Впереди была Элиста, где он бросил машину и купил себе документы и приличную одежду. Впереди был многодневный сон в поезде, который повез Ивана сначала практически обратно параллельно тому пути, который он проделал на машине: сначала в Ставрополь, затем в Кропоткин, в Тихорецк, в Ростов, и только потом – на Москву.
Но это уже не имело для него особого значения, поскольку происходило не в Чечне.
Глава VI.
Лещинский лежал в ласкающе-горячей ароматной воде и страх, пропитавший его в Сосновом бору и заполнивший поры его тела, постепенно вымывался ароматизированной хвоей водой и покидал его. Лещинский вновь был логической машиной анализа.
Тело его почти висело в воде, опираясь на бортик ванны только верхней частью плеч и затылком. Руки и ноги были не вытянуты, а полусогнуты, так, что мышцы абсолютно не напрягались и были полностью расслаблены.
Тело не напоминало Лещинскому о себе ничем, его слово бы не было.
Он превратился в лишенный тела, автономный мозг, вся возможная мыслительная энергия которого была направлена на решение единственной задачи.
Той, которую задал ему Крестный.
Итак, исходные условия.
Внешнее вмешательство в деятельность слаженного и успешно работающего криминально-чиновничьего тандема Крестный-Лещинский.
Привыкший к объективному анализу Лещинский привык называть вещи своими именами. От этого они обретали плоть и кровь, переставая быть абстракциями газетных статей или вульгарными схемами кухонных разговоров.
Что мы имеем еще?
Рассуждая, Лещинский любил говорить о себе во множественном числе. Это было не столько гипертрофированное самомнение – типа «Мы, император всея Руси...», – хотя и от этого что-то было, сколько стремление избавиться от личностных интерпретаций и оценок, что повышало, на его взгляд, степень объективности анализа.
А еще мы имеем очень интересное обстоятельство.
Абсолютную невозможность утечки информации.
В себе Лещинский был уверен. О его контактах с Крестным знали только трое: он, Лещинский, сам Крестный и еще Господь Бог.
И в Крестном он был тоже уверен. Он человек умный. И даже очень умный. Стал бы он так нервничать и так наезжать на Лещинского, если бы чувствовал за собой вину. Явно, не стал бы.
Может быть, кто-то следит за Лещинским, и несмотря на все конспиративные предосторожности, принимаемые им перед встречей с Крестным, сумел сесть ему на хвост, зафиксировать его встречу с Крестным, а затем через уже через Крестного – выйти на того человека, который работал с Кроносовым, на ликвидатора?
Да нет, ерунда получается. Ведь такой расклад возможен только в том случае, если допустить, что Крестный по младенчески наивен в вопросах конспирации. А он в своем деле далеко не ребенок.
Наконец, еще одна возможность.
Наивен тот, на которого, как говорил Крестный, кто-то неизвестный охотился.

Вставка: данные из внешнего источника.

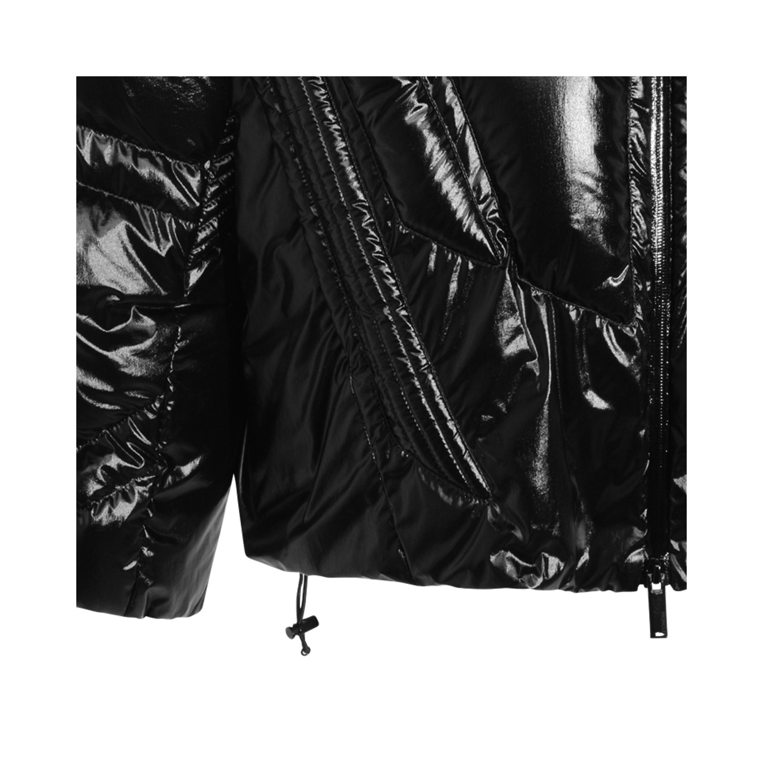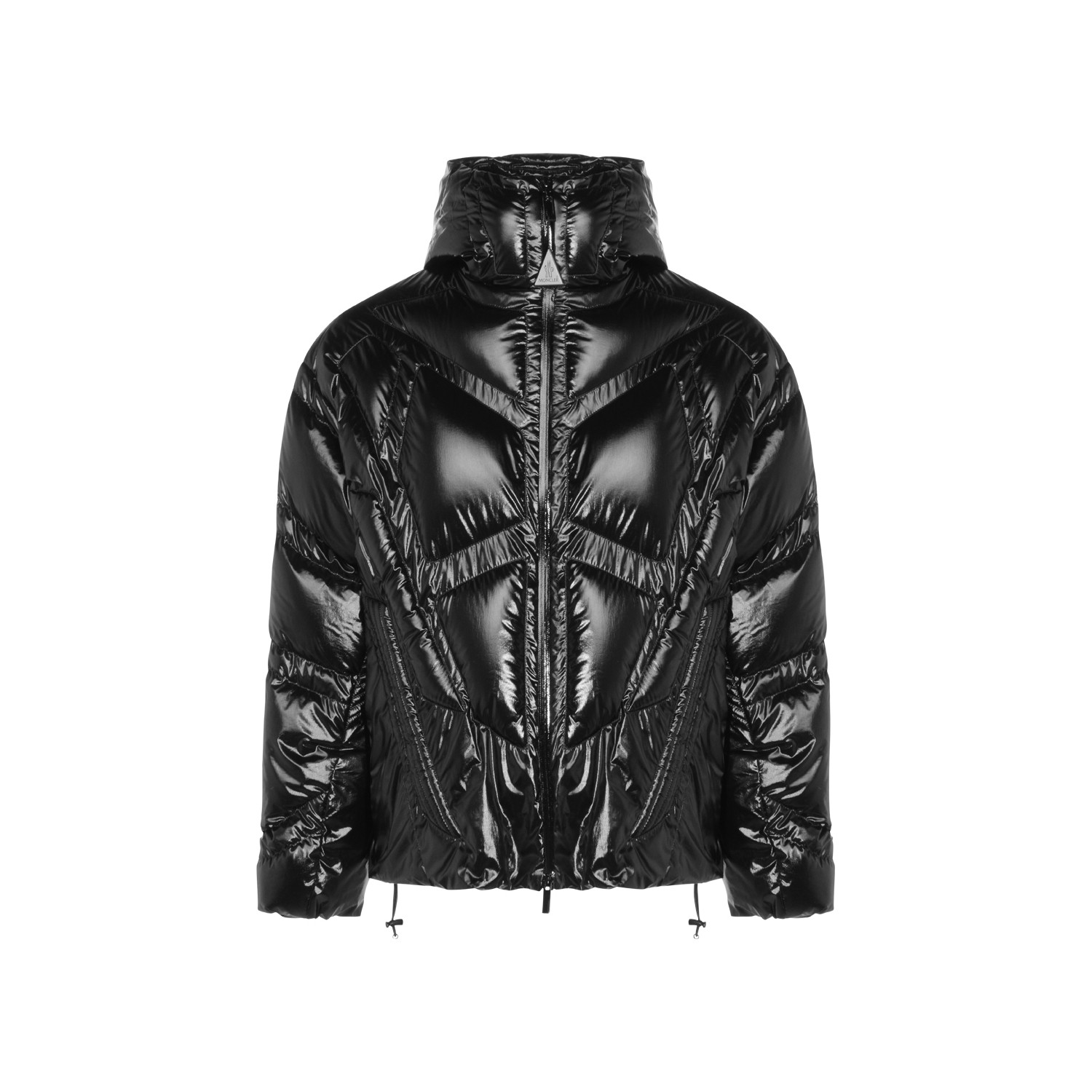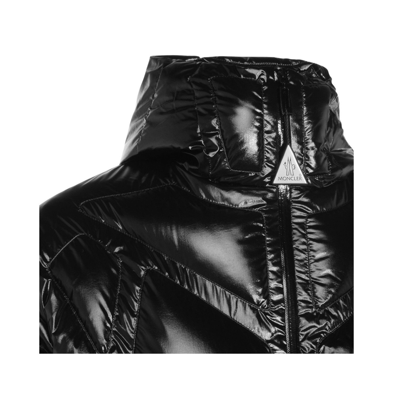 Black down jacket from Moncler Genius Asap Rocky featuring high collar, padded, long sleeves, zip fastening, drawstring at the hem and regular vestibility.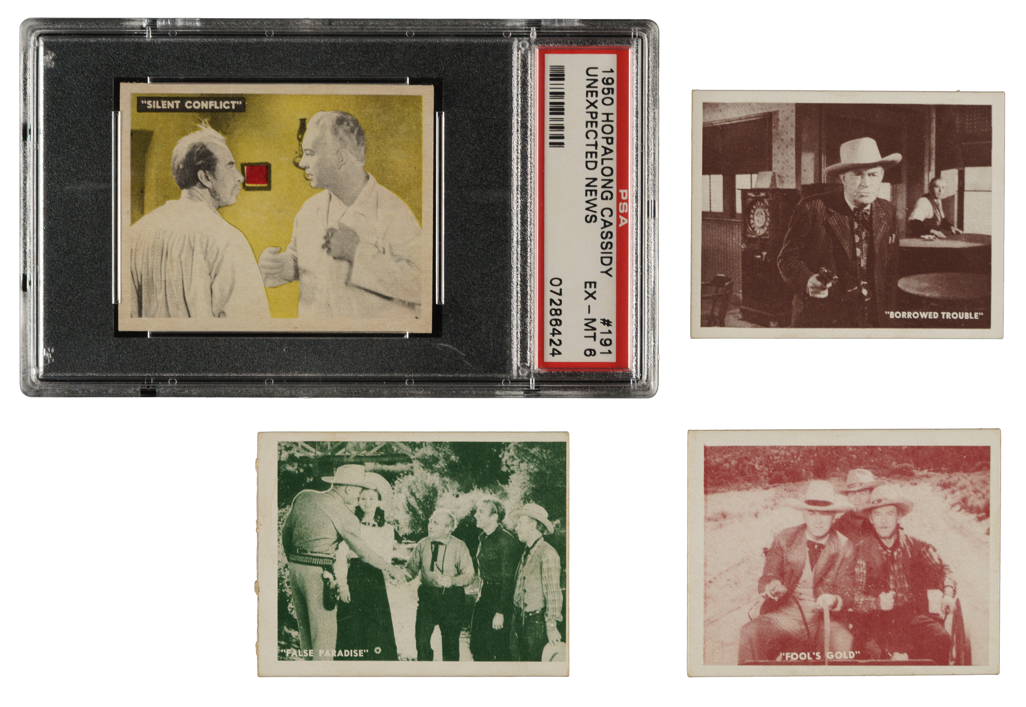 Complete set of this very early Topps issue featuring William Boyd as Hopalong Cassidy. "Hoppy" was very popular with kids and was a natural to be the subject of a card set in the earliest days of the Topps Gum Company. Also included with the set are all eight scarce unnumbered foil cards (which are considered by most to be a separate issue), three Fyna Foods (Australia) "Hoppy Western" cards (episodes 1 [Vg-Ex], 12 [Vg], and 16 [Ex] of "Silent Conflict"), and four original wrappers. The complete 230-card (#1-230) "Hopalong Cassidy" set narrates ten different stories. Cards feature photographs from both the movies and the TV show. The condition of the set is 14% Ex-Mt or slightly better, 59% Vg-Ex to Ex, and 27% Gd to Vg (including a couple lesser). One card has been professionally graded and encapsulated by PSA: #191 (EX-MT 6). The condition of the foil header cards is: Dangerous Venture (Vg-Ex), Borrowed Trouble (Gd), Hoppy's Holiday (Vg+), False Paradise (Gd+), Unexpected Guest (Vg-Ex), Devil's Playground (Vg), The Dead Don't Dream (Vg-Ex), and Fool's Gold (Fr). Includes the following four flattened wrappers: green one-cent wrapper (Vg-Ex), white one-cent wrapper (slightly trimmed and repaired with tape, otherwise Vg), five-cent wrapper (trimmed and altered, otherwise Gd), and 1950s candy wrapper (Pr-Fr). This is a very tough set, rarely offered complete in any grade, and of enormous significance as one of the earliest card sets ever issued by Topps. Total: 245 Items (241 cards and four wrappers).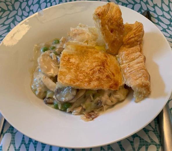 Priprema: Zagrejte rernu na 200°C. U tiganju zagrejte 15 g putera i kašiku maslinovog ulja, zatim dodajte iseckane šampinjone i kuvajte kratko dok ne omekšaju. Dodajte sitno seckan beli luk. Posle par minuta izvadite pečurke i stavite u neku posudu. U isti tiganj stavite 15 g putera i kašiku maslinovog ulja, pa dodajte seckan praziluk i seckanu majčinu dušicu. Kuvajte dok luk ne omekša. Kad luk omekša dodajte brašno, promešajte, pa dodajte bujon i grašak. Mešajte dok ne proključa i grašak se ne skuva. Zatim sklonite sa vatre i dodajte kiselu pavlaku. Promešajte, pa dodajte pečurke i piletinu koju ste prethodno skuvali i iscepkali na veće komade. Posolite i pobiberite. Stavite u posudu u kojoj ćete peći, pa lisnato testo razvucite na srednju debljinu. Po dužini isecite traku (veličine ivice tepsije) i njom obložite ivicu koju ste prethodno navlažili vodom. Preko cele pite i ivica prebacite ostatak testa i odsecite višak. Prstom pritisnite ivicu. U posudi pomešajte mleko i jaje i tom smesom premažite testo. Nožem napravite prorez na sredini. Pecite nekih 20-25 minuta.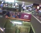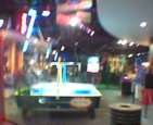So back to the hotel to pick up my companion it was. Teemu had recovered and was ready for a shopping spree as well. We had already yesterday made a plan for today to visit a huge mall known as the Galleria. We checked the destination from the sketchy map we had and turned our hood ornament (if the car had one, that is) in that direction. After some extra roadwork-induced wanderings, we found Richmond Avenue, a key ingredient in the recipe to get us to the mall. Actually the grid layout of the streets should have been extremely simple but we were somewhat thrown off, besides the constructions, also the freeway turning and messing up the grid at a strategic location. The intersections around these parts of the city had quite fancy round chrome street nameplates suspended in the air above the middle of the junctions. A careful look at the pictures below also reveals that some of the traffic lights have four lights, the reason for which is something that never became quite clear to me. In this case I somehow doubt that it is solely because of the big is beautiful philosophy. Eventually we reached the target and parked the Batmobile in the enormous parking house below ground, making a secure mental note of the location. Having skipped breakfast (and eating being a central theme in our existence anyway), we once again set out in search of food and found a fast food restaurant area on the lower floor of the mall. Teemu once again opted for the safe hamburger, although his attempt to pay by credit card proved to be a complicated choice, basically a do-it-yourself method completely foreign to us. I strolled the booths and was lured to a Chinese pork-or-something by a free sampler turning out to be yummy. Not a bad choice. Next to the feeding area there were a few carts selling jewelry and phone accessories. Teemu's greedy eye got caught on a heavy silver chain necklace, which indeed changed ownership after some financial negotiation, and disappeared under his shirt. Dammit, why is this guy hauling a ton of metal on his neck and keeping it hidden so that no one knows it is there? We moved on and came to... an ice rink! After collecting the dropped jaws, it somehow made sense to have the rink where people are, but the energy economics of a rink in room temperature and direct sunshine from the glass roof two floors higher must be somewhat unfavorable. Well, oil is cheap... Further excursion revealed more curious details. A US flag some half a dozen stories tall was hanging up high from the office tower in the middle of the mall. There was also a fountain dropping seemingly random sprinkles of water from the roof of the 2nd floor to the big bowl on the ground floor. We even took a ride in a glass-walled elevator to see a glimpse from above. Unfortunately we could not get too high because the offices on the top floors were locked and the buttons were not selectable. In the commercial area we found a toyshop with a severe closing down sale, everything with at least 50% price reduction. Teemu's American car collection was once again gaining more momentum, and even I gave up for a surge of nostalgia and bought two 1:25 plastic model car kits, the kind of which I used to put together at the age of 15, actually getting quite good at it before quitting, more for lack of time than lack of interest. I'll try to fit those into my next decennary plan -- but no guarantees. Our time was starting to run out, but before leaving for the car, we still took a brief stroll in the gaming arcade at the bottom of the mall. The place boasted of all kinds of weird games, pleading to insert one or (usually) more quarters for a moment of fun. One of the weirdest was a disco dancing game, where the player was supposed to step on plates of different color according to the information scrolling on the screen; all this to music. Local kids seemed to do well; we did not dare a try -- in any game.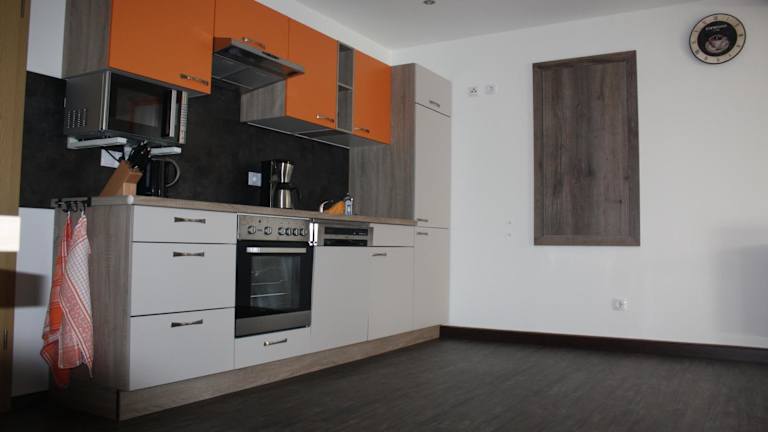 Die Ferienwohnung umfasst ein Schlafzimmer, eine Küche, die mit einem Kühlschrank und einem Geschirrspüler ausgestattet ist, sowie ein Badezimmer mit Dusche, Haartrockner und Waschmaschine.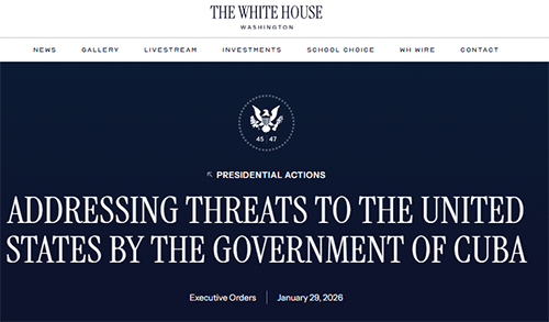 当地时间1月29日,美国总统特朗普签署行政令,宣布国家紧急状态,威胁对向古巴提供石油的国家输美商品加征从价关税。目前,古巴及墨西哥方面尚未对此做出正式回应。
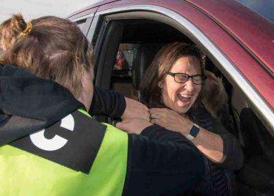PRESS PHOTO BY LOU WHEELANDKathleen Malek is not impressed by the process as Physician Assistant Amy Jedlove does the honors of giving her a flu shot at Lehigh Valley Health Network's drive-thru event Nov. 4 at Dorney Park, South Whitehall. Copyright - Lou Wheeland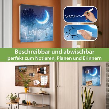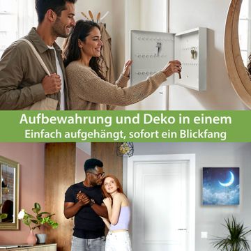 Bringe Ordnung und Eleganz in deinen Eingangsbereich mit dem banjado Schlüsselkasten Motiv Motiv zunehmender Mond. Die moderne Schlüsselbox kombiniert funktionales Design mit hochwertiger Verarbeitung und wird so zu einem echten Hingucker in Flur, Büro oder Ferienwohnung. ✅ Stilvolle Schlüsselaufbewahrung mit Glasfront im Motiv Motiv zunehmender Mond Der Design-Schlüsselkasten Motiv Motiv zunehmender Mond bietet Platz für bis zu 50 Schlüssel, die auf 5 stabilen Reihen mit je 10 Haken übersichtlich verstaut werden. Mit seinen kompakten Maßen von 30 x 30 x 5 cm passt die Schlüsselbox perfekt auch in kleinere Räume. Der weiß lackierte Stahlkorpus mit rechts angeschlagenem Türscharnier harmoniert mit der Glasfront und fügt sich nahtlos in jedes Wohnambiente ein. Ob als Schlüsselorganizer für Zuhause oder als praktische Lösung für Büros, Praxen und Gewerbe, der banjado Schlüsselkasten sorgt für Ordnung und Übersicht. Dank der magnetischen, mit Kreidestiften beschreibbaren Glasfront kannst du Notizen anheften oder Termine direkt auf der Oberfläche festhalten. Die Schlüsselbox Motiv Motiv zunehmender Mond zur Wandmontage wird inklusive Befestigungsmaterial geliefert und ist schnell angebracht. So hast du deine Schlüssel jederzeit griffbereit und zugleich stilvoll verstaut. Mit diesem banjado Schlüsselkasten Motiv Motiv zunehmender Mond kombinierst du praktische Aufbewahrung mit stilvollem Wohndesign. Ob privat oder geschäftlich, die Schlüsselbox sorgt für mehr Ordnung, Übersicht und ein wohnliches Ambiente.Vorteile im Überblick

Тоже ерунда, поскольку полностью противоречит характеристике, данной ему Крестным.
Как он сказал?
«Тот, кто работал с Кроносовым, – припомнил Лещинский, – мне любого золота дороже.» И еще что-то – о том, что убить его очень сложно, сложнее, чем любого другого. То есть о его квалификации.
Значит – не было утечки информации.
А вот сама информация у кого-то была.
Это первый вывод.
Небольшой, зато объективный, усмехнулся Лещинский.
Далее.
Информация о чем?
Прежде всего – о готовящемся третьем покушении на Кроносова.
Ну, тут не надо быть гением, достаточно и кухонного ума, чтобы сообразить – раз две попытки оказались неудачными, значит, должна быть третья.
Важнее другое. Кто-то знал не только о предстоящем терракте, но и о том, где и когда он состоится, о месте и времени его проведения.
С местом-то, пожалуй, проблем нет, место традиционное – дом родной. А вот как быть со временем?
Если Лещинский правильно понял слова Крестного, а ему казалось, что это именно так, человек, проводивший ликвидацию, работал один.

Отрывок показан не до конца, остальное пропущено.